Scott Fraser is a Provost Professor, and the Director of Science Initiatives, at the University of Southern California, USA. Scott has had a long-standing interest in applying the tools of chemistry, engineering and physics to problems in biology and medicine. Amongst other things, Scott is best known for his contributions to developing microscopes and tools to image developing embryos. Earlier this year, Scott was awarded the SDB's 2021 Edwin G. Conklin Medal, which aims to recognize ‘a developmental biologist who has made and is continuing to make extraordinary research contributions to the field, and is an excellent mentor who has helped train the next generation of outstanding scientists’. We caught up with Scott to find out more about his interdisciplinary research and his approach to mentoring.
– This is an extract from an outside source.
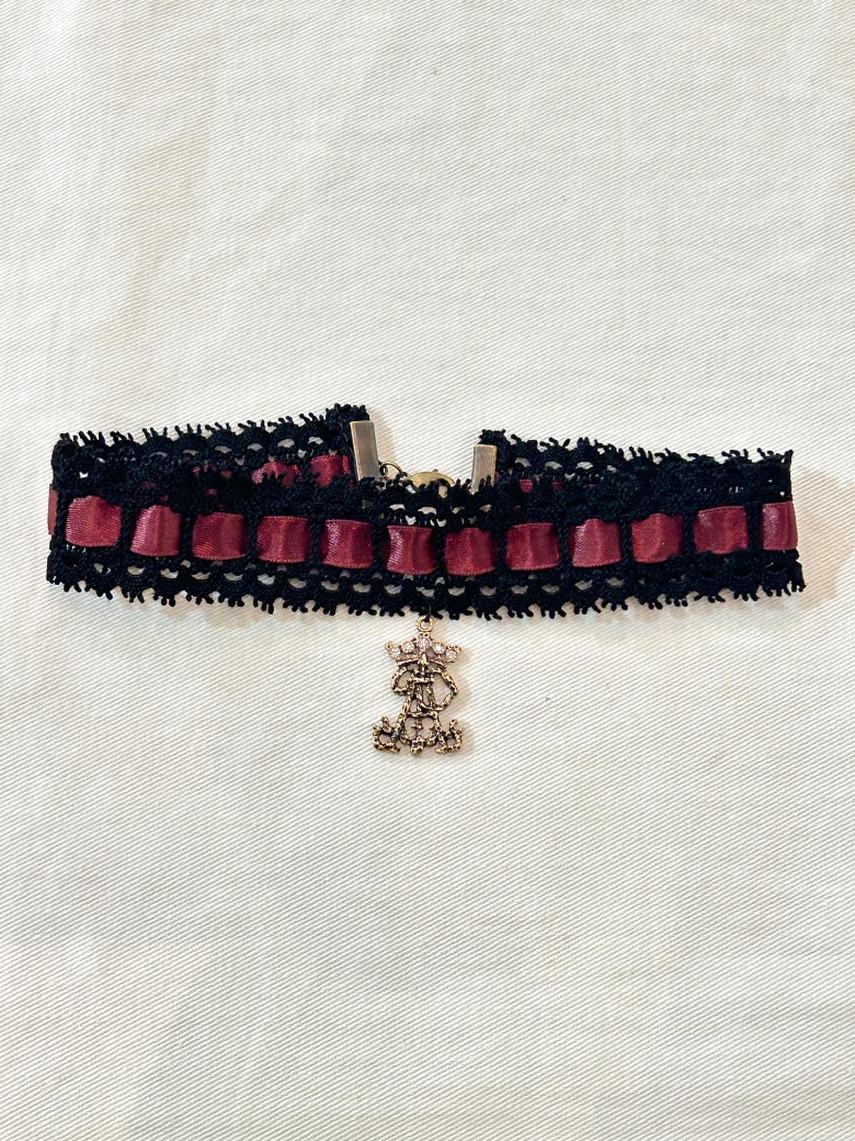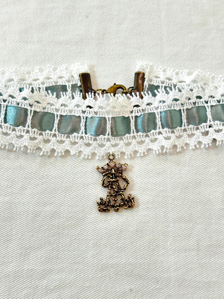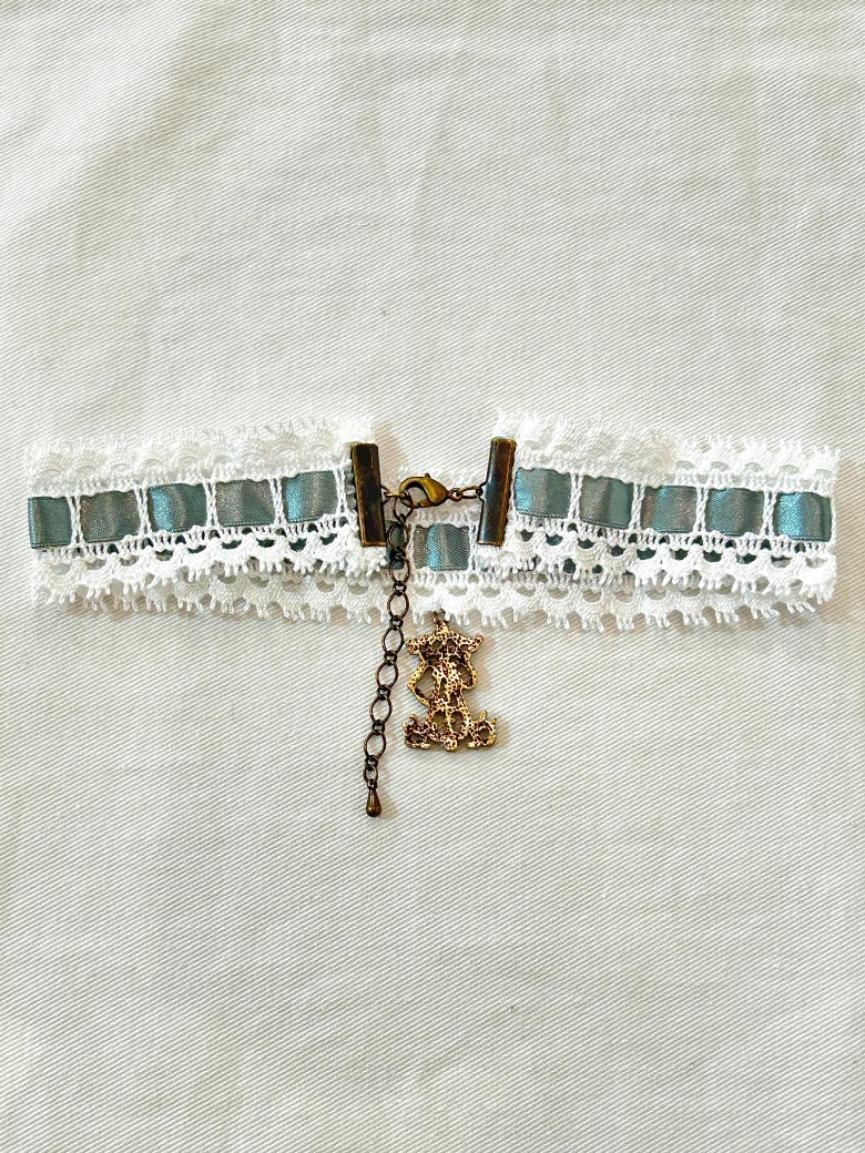 トーションレースにサテンリボンを通したシンプルなAPチャーム付きチョーカーです

Let's start at the beginning: what first got you interested in science?

So, I guess I always loved trying to figure out how things worked. I was one of those kids who was the object of scorn of my parents at times because any new toy needed to be disassembled as quickly as possible to validate how it worked. I just loved guessing how something worked, taking it apart and finding out how it really worked. And I loved being wrong! I realised that you learned as much from being wrong as being right. I think that's probably where I got the science bug from; it was just the desire to make hypotheses and then test them, and then learn from being right or being wrong.

You trained in physics and biophysics – how did you then become interested in embryology and developmental biology in particular?
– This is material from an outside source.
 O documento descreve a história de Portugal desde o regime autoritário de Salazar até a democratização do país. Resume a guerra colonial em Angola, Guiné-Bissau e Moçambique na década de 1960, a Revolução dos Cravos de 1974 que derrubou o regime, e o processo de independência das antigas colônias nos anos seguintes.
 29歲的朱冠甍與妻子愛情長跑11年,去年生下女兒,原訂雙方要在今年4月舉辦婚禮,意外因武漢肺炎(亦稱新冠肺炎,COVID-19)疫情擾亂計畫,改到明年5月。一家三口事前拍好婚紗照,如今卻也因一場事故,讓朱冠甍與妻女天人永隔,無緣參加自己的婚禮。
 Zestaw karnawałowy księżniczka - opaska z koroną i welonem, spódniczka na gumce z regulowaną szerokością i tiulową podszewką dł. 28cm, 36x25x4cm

I think it came from that same desire to figure out how things work. Physics is just so foundational – it underpins so much of science – and it was always super attractive to me as something to study. But there were two things that made it less attractive as I moved forward with my studies. One was that the projects were getting huge and impersonal. In fact, many of the projects are still huge. I had friends that were in physics a few years ahead of me that ended up being one of many dozens of authors on a paper, and that just didn't appeal to me. The other thing was that, as an undergrad, working in a gas station to support myself, I ran into a recent graduate who worked on the Stanford accelerator and, despite having a PhD, he was working in a gas station. On seeing this, I had a moment of clarity, and I started to think again about what I really wanted to do.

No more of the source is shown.